___ DATA SHOWN ___

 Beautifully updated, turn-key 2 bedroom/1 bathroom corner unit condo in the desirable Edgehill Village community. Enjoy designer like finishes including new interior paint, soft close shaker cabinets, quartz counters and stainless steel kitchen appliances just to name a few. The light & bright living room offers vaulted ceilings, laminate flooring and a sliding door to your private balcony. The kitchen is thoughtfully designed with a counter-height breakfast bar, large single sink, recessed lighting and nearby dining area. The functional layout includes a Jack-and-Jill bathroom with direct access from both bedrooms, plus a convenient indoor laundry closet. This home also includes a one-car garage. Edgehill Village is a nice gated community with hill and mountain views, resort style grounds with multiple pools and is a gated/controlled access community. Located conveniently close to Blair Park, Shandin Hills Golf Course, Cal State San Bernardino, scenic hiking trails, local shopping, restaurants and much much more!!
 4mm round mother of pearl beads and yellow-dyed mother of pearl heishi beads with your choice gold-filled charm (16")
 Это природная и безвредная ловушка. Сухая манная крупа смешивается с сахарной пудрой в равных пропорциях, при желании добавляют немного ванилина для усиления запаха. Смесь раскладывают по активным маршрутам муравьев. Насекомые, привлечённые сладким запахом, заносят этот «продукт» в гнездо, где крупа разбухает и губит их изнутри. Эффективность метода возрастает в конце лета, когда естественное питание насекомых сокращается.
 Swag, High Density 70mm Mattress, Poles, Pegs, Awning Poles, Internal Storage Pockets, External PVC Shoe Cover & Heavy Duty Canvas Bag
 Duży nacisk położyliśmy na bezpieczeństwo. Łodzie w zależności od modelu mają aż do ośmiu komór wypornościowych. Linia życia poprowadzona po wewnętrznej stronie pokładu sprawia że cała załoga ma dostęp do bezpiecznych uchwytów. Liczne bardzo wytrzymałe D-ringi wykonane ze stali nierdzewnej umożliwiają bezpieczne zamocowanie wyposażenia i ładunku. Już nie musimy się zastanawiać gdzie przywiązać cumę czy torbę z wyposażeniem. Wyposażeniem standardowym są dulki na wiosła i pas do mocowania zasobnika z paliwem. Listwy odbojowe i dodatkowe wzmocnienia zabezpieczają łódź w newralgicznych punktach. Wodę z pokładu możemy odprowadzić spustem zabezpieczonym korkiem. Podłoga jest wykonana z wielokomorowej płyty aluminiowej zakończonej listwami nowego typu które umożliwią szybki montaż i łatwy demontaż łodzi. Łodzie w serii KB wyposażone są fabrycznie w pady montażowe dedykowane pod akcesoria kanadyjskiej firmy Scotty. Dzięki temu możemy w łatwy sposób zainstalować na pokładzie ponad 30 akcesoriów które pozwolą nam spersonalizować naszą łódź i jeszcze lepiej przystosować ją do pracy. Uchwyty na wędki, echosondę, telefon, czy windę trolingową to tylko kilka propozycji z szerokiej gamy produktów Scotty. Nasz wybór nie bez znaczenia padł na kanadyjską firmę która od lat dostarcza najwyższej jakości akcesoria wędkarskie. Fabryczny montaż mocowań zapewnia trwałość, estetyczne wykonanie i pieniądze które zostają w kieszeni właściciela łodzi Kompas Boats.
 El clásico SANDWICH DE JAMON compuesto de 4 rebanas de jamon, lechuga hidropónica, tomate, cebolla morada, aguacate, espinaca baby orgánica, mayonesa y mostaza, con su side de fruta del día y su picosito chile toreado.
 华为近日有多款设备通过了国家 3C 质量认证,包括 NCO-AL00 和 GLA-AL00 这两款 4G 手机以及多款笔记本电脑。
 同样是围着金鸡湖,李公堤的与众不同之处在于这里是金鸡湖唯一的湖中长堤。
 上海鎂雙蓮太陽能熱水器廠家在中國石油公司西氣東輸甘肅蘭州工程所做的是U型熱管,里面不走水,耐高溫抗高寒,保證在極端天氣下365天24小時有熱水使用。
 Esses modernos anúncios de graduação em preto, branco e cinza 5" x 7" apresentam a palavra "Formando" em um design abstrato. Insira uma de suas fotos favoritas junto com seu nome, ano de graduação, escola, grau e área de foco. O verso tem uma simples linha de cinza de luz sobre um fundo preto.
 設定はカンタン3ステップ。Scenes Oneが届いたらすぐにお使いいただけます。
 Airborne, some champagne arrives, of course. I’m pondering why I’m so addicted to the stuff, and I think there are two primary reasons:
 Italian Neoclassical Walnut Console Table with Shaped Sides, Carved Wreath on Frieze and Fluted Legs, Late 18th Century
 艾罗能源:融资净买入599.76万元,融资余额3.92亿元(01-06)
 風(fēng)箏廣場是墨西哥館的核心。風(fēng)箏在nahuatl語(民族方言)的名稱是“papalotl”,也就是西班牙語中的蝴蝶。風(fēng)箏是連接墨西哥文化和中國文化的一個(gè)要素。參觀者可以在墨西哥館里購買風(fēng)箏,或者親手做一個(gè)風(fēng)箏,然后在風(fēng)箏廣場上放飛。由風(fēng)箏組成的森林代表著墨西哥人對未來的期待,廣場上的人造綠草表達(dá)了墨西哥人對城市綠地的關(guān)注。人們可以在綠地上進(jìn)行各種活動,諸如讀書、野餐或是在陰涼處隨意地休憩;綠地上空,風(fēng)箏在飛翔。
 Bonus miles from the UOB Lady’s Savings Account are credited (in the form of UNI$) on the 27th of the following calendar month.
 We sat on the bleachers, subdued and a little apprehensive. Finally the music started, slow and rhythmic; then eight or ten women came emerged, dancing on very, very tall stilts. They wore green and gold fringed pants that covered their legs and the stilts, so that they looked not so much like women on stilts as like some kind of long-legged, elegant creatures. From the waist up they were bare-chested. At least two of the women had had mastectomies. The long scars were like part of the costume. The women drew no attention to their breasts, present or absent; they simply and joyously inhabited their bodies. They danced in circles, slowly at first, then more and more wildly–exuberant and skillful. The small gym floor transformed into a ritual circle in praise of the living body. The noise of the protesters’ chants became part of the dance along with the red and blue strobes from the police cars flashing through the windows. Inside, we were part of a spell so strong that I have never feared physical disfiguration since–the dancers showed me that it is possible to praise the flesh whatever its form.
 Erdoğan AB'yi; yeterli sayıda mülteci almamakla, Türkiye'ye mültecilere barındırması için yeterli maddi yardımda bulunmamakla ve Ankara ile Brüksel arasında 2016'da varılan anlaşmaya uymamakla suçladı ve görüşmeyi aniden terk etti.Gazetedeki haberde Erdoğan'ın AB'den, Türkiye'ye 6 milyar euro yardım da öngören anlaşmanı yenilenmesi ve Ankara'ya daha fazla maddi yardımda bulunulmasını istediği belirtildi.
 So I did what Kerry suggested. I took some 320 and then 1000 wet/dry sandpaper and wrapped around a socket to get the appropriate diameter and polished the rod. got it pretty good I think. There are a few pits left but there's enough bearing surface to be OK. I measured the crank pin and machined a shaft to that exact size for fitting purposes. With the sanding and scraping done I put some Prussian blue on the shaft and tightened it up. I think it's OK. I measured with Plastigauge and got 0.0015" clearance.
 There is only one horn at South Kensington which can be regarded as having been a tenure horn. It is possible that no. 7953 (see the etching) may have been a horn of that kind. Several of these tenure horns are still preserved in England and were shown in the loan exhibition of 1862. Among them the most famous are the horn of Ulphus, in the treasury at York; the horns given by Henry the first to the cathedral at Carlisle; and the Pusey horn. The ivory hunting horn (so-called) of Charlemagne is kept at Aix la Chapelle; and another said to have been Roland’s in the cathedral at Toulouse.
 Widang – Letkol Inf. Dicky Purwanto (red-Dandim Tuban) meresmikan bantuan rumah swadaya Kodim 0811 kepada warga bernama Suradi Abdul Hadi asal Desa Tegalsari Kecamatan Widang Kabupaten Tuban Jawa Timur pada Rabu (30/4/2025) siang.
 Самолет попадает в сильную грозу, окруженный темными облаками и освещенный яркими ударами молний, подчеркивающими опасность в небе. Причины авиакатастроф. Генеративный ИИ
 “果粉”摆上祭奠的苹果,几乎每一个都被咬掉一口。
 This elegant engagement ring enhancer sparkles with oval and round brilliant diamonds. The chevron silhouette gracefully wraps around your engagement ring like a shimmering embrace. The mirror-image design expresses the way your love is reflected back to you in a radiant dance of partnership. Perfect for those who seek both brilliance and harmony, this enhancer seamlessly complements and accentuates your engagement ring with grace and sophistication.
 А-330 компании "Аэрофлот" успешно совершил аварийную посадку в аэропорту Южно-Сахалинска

___

WHAT TO DO: Working from the material above, retype exactly the lines from the one with "Italian Neoclassical Walnut" through the one with "Bonus miles from", both included, and only those lines.

REPLY:
 Italian Neoclassical Walnut Console Table with Shaped Sides, Carved Wreath on Frieze and Fluted Legs, Late 18th Century
 艾罗能源:融资净买入599.76万元,融资余额3.92亿元(01-06)
 風(fēng)箏廣場是墨西哥館的核心。風(fēng)箏在nahuatl語(民族方言)的名稱是“papalotl”,也就是西班牙語中的蝴蝶。風(fēng)箏是連接墨西哥文化和中國文化的一個(gè)要素。參觀者可以在墨西哥館里購買風(fēng)箏,或者親手做一個(gè)風(fēng)箏,然后在風(fēng)箏廣場上放飛。由風(fēng)箏組成的森林代表著墨西哥人對未來的期待,廣場上的人造綠草表達(dá)了墨西哥人對城市綠地的關(guān)注。人們可以在綠地上進(jìn)行各種活動,諸如讀書、野餐或是在陰涼處隨意地休憩;綠地上空,風(fēng)箏在飛翔。
 Bonus miles from the UOB Lady’s Savings Account are credited (in the form of UNI$) on the 27th of the following calendar month.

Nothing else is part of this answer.